Much of this comes from the power of distractions—things that fill our time but leave us empty and cold. They give us the immediate feeling of accomplishment but keep us from experiencing authentic change.
In the book Good to Great, author Jim Collins wrote: “The real path to greatness, it turns out, requires simplicity and diligence. It requires clarity, not instant illumination. It demands each of us to focus on what is vital and to eliminate all of the extraneous distractions.”
» MOST OF US LIVE UNDER THE BONDAGE OF THE URGENT.
We have phone calls to return, appointments to reach, goals to achieve, meetings to get to, e-mails to answer, and reports to finish. Our days are filled with an unrelenting barrage of everything—all of which seems so important at the time. I have this “thing” about my e-mail in-box. There’s a little voice inside me that says, “You have to deal with every e-mail in your in-box by 5 p.m.” No matter how trivial, I’ll push aside writing a book, developing a great idea, or working on a significant project, just to get that e-mail cleared off. Because it’s in front of me, it seems like something I just have to finish.
This chapter is about spending less time on what we perceive to be urgent and more time on what really matters.
Let that thought sink in for a moment.
Most of the “urgent” things in our lives are really what other people consider important. Someone wants us to return his phone call, make an appointment, or respond to an e-mail. Look around you at this moment. Are most of the things that are crushing your life really that urgent to you, or are they things that other people consider urgent? I finally noticed that when I don’t deal with all my e-mails, the world doesn’t come to an end. In fact, I recently had a computer malfunction and lost my e-mails from the two previous days. Gone, deleted, erased, rubbed out, cancelled, obliterated, disappeared.
I was horrified. I was in the middle of a couple of big projects and had no idea who those e-mails were from or what they were about. Who did I need to get back to? What should I do? I had no idea.
I started shaking. I needed a “fix” for my e-mail habit.
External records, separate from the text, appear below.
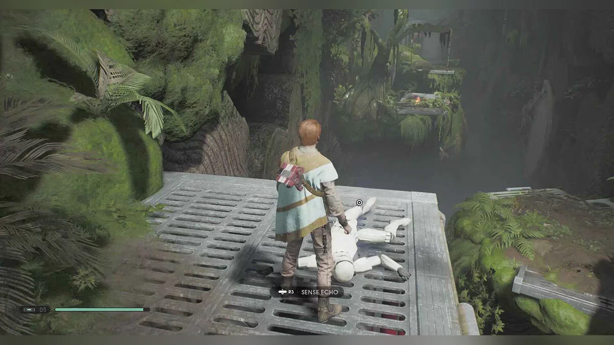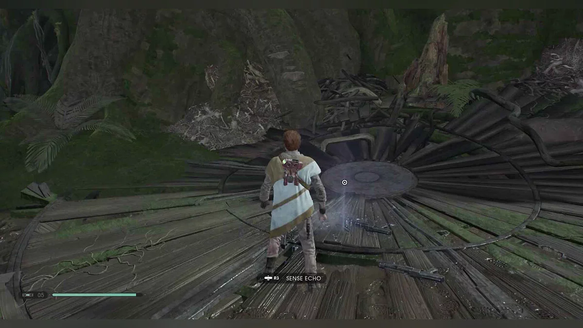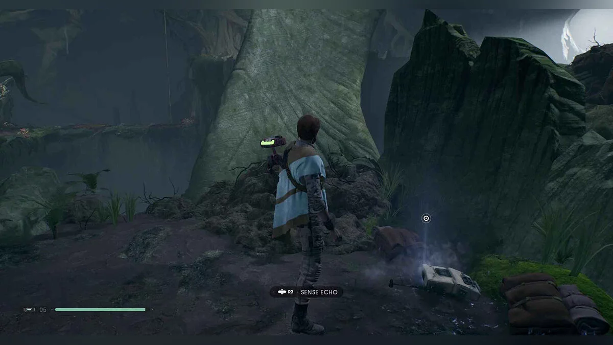 Отзвук Силы #76 — Insurgent Activity — 2. Rescue — вернитесь к точке медитации, бегите по стене к платформе, поверните налево и используйте растение, чтобы прыгнуть на другой остров с этим предметом на деревянном колесе.
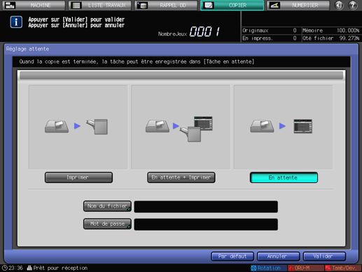 Appuyez sur [En attente] (ou sur [En attente + Imprimer]) et sur [Nom du fichier].
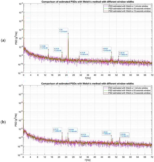 A few preventive operations, such as the application of appropriate windows to the raw signal to avoid the leakage phenomenon, need to be performed on the raw signal before applying Welch’s method [,,,,,].
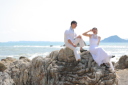 季節や天候によって色が変わるのも海の良さ♪空と海の綺麗なブルーのコントラストの中のおふたりは輝きを増します☀

But guess what? A day went by, and then another, and then another. Nothing happened. Not dealing with those e-mails had no impact at all. My world didn’t come crashing down, and my career didn’t end.
I realized those e-mails were “urgent” but not important.
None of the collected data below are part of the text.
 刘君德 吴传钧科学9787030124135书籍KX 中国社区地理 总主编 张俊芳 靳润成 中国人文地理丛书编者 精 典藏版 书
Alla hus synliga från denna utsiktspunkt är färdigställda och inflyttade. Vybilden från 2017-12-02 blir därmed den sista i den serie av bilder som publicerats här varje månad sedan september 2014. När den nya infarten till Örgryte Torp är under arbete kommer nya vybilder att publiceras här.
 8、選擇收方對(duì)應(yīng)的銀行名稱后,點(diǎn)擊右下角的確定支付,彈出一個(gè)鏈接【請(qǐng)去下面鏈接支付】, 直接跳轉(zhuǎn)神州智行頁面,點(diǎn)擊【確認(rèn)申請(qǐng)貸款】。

Since that time, I’ve literally reevaluated my life based on that principle. I’ve made a concerted effort to eliminate as many distractions as possible in order to focus more effectively on what’s really important in my life.
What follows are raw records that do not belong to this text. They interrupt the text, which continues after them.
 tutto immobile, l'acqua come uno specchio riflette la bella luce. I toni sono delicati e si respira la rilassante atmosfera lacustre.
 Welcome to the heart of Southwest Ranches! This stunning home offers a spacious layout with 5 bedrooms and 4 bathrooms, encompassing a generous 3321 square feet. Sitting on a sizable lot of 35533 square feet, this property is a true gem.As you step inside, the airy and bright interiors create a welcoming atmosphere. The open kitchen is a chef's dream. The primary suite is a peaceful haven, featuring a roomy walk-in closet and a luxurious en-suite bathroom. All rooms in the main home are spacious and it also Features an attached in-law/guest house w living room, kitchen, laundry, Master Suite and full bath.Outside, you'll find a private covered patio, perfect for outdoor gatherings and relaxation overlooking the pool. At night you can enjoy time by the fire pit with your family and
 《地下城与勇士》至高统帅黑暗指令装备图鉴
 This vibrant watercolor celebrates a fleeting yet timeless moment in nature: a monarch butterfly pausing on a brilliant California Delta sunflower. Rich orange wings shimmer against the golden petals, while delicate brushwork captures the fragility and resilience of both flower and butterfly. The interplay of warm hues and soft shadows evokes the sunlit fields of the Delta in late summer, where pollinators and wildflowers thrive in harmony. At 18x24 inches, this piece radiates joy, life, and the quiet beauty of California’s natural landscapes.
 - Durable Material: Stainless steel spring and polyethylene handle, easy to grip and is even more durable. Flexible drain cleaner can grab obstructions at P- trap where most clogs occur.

How do we eliminate the real distractions?
First of all, understand which distractions do the most damage in your life. Distractions come in all shapes and sizes, from leisure activities like watching football on television, to personal issues from your past, to immediate challenges that disturb your life and pull vital resources and time away from what’s really important.
ELIMINATE DISTRACTIONS FROM YOUR PAST THROUGH FORGIVENESS
Over the years, I’ve heard thousands of protests.
“But Phil—you just don’t know what my father did to me.”
“When my partner sold my business, I lost everything.”
“I can never forgive that offense—it’s just too great.”
“As long as she never acknowledges fault, I can never forgive.”
“It’s just too difficult because the hurt goes too deep.”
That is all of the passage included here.